RECORDS FOR THE TASK
######

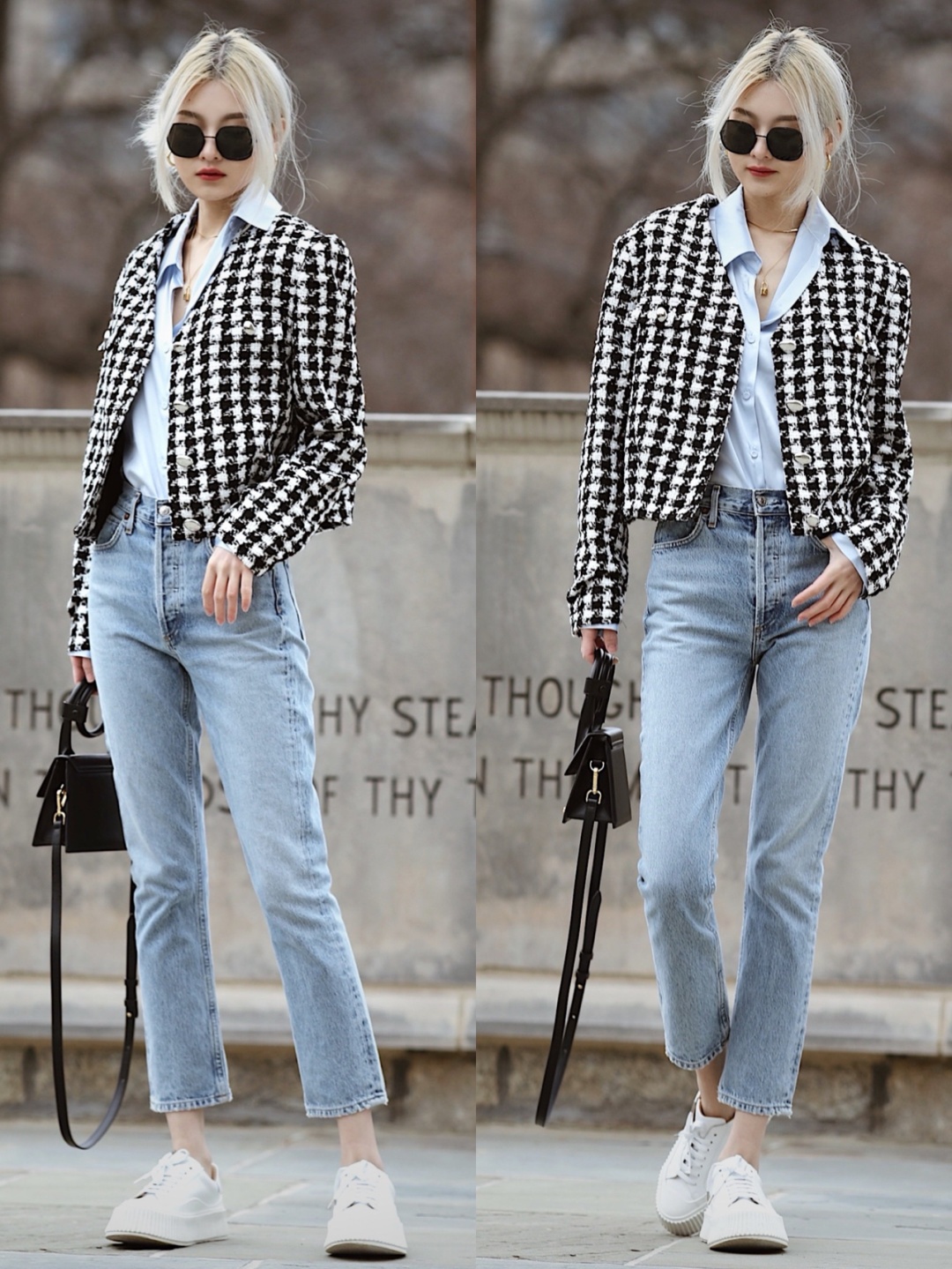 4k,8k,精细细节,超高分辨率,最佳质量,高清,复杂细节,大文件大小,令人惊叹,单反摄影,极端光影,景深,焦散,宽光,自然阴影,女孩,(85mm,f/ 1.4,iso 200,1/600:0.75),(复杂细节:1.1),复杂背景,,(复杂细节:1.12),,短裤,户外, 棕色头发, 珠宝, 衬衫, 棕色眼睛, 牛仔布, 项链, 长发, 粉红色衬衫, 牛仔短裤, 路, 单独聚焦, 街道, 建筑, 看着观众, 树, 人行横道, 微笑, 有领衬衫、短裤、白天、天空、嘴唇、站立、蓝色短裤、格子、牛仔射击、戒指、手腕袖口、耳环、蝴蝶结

######

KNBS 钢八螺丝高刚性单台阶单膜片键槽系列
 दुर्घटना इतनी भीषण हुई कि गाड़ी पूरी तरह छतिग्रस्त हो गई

######

ACTIVITY
Copy the lines above exactly. Start with the line containing "KNBS 钢八螺丝高刚性单台阶单膜片键槽系列", end with the line containing "दुर्घटना इतनी भीषण", and include both.

ANSWER
KNBS 钢八螺丝高刚性单台阶单膜片键槽系列
 दुर्घटना इतनी भीषण हुई कि गाड़ी पूरी तरह छतिग्रस्त हो गई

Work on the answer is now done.